Transcribe the whole listing exactly; the images stay out.

**Dataset extract:**
*****

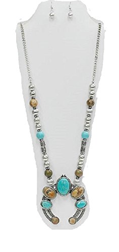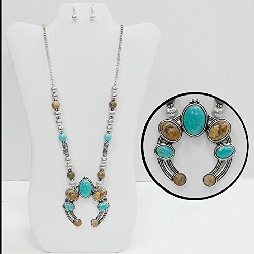 -. Feature : Squash Blossom Long Necklace Set. Size: 35"L / 2 Tone color stones / Squash Blossom Size: 3"L x 2.7"W / Rhodium plated Lobster Claw Closure / 2.5 ext Inch Necklace Length
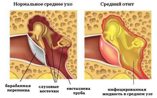 Острому среднему отиту часто предшествует острая респираторная инфекция, приводящая к нарушению защитной и транспортной функций мерцательного эпителия слуховой трубы. Это создает предпосылки для проникновения патогенных микроорганизмов из носоглотки в барабанную полость. В результате наблюдается снижение внутрибарабанного давления и начало выделения жидкости (плазмы и форменных элементов крови) из сосудов слизистой среднего уха, что ведет к воспалительному процессу, зачастую с гнойным содержимым.
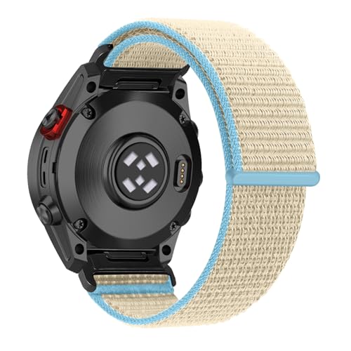 RanBluu QuickFit 22 mm nylonarmband för Garmin Tactix 8 47 mm/Descent G2/Safem8 47 mm/E/Fenix 7, kardborreband, ersättningsband för Garmin Epix 2, Cremefarben

*****

**Solution to this problem:**
 -. Feature : Squash Blossom Long Necklace Set. Size: 35"L / 2 Tone color stones / Squash Blossom Size: 3"L x 2.7"W / Rhodium plated Lobster Claw Closure / 2.5 ext Inch Necklace Length
 Острому среднему отиту часто предшествует острая респираторная инфекция, приводящая к нарушению защитной и транспортной функций мерцательного эпителия слуховой трубы. Это создает предпосылки для проникновения патогенных микроорганизмов из носоглотки в барабанную полость. В результате наблюдается снижение внутрибарабанного давления и начало выделения жидкости (плазмы и форменных элементов крови) из сосудов слизистой среднего уха, что ведет к воспалительному процессу, зачастую с гнойным содержимым.
 RanBluu QuickFit 22 mm nylonarmband för Garmin Tactix 8 47 mm/Descent G2/Safem8 47 mm/E/Fenix 7, kardborreband, ersättningsband för Garmin Epix 2, Cremefarben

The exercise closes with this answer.